The presence of slow–fast Hopf (or singular Hopf) points in slow–fast systems in the plane is often deduced from the shape of a vector field brought into normal form. It can however be quite cumbersome to put a system in normal form. In De Maesschalck et al. (Canards from birth to transition, 2020), Wechselberger (Geometric singular perturbation theory beyond the standard form, Springer, New York, 2020) and Jelbart and Wechselberger (Nonlinearity 33(5):2364–2408, 2020) an intrinsic presentation of slow–fast vector fields is initiated, showing hands-on formulas to check for the presence of such singular contact points. We generalize the results in the sense that the criticality of the Hopf bifurcation can be checked with a single formula. We demonstrate the result on a slow–fast system given in non-standard form where slow and fast variables are not separated from each other. The formula is convenient since it does not require any parameterization of the critical curve.

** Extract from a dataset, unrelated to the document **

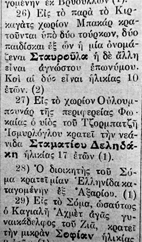Στις στήλες της εφημερίδας Παμπροσφυγική, το 1926, αναφέρονται κάποιες πληροφορίες για πρόσωπα που κρατούσαν Τούρκοι.
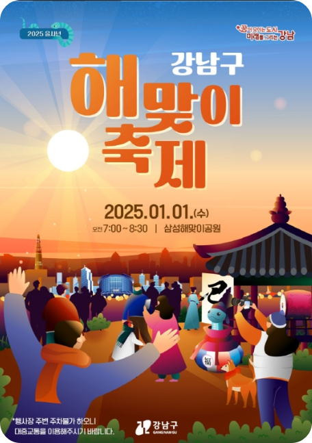 - 삼성해맞이공원에서 맞이 하는 해돋이 행사는 롯데타워와 잠실종합운동장, 올림픽대로, 청담대교 등 서울의 랜드마크를 조망하며 새해의 소망을 기원할 수 있는 장소입니다.

平面中慢速系统中慢速Hopf（或奇异的Hopf）点的存在通常是根据带成正常形式的矢量场的形状推断出来的。但是，以正常形式放置系统可能非常麻烦。在De Maesschalck等人中。（从出生到过渡期的鸭，2020年），韦氏（超越标准形式的几何奇异摄动理论，施普林格，纽约，2020年）和耶尔伯特和韦氏（非线性（33（5）：2364–2408，2020））将启动–fast向量字段，其中显示了动手公式来检查此类奇异触点的存在。我们可以用一个公式来检查Hopf分叉的临界度，从而概括结果。我们以非标准形式给出的慢速系统演示了结果，其中慢速变量和快速变量没有彼此分开。该公式很方便，因为它不需要对关键曲线进行任何参数化。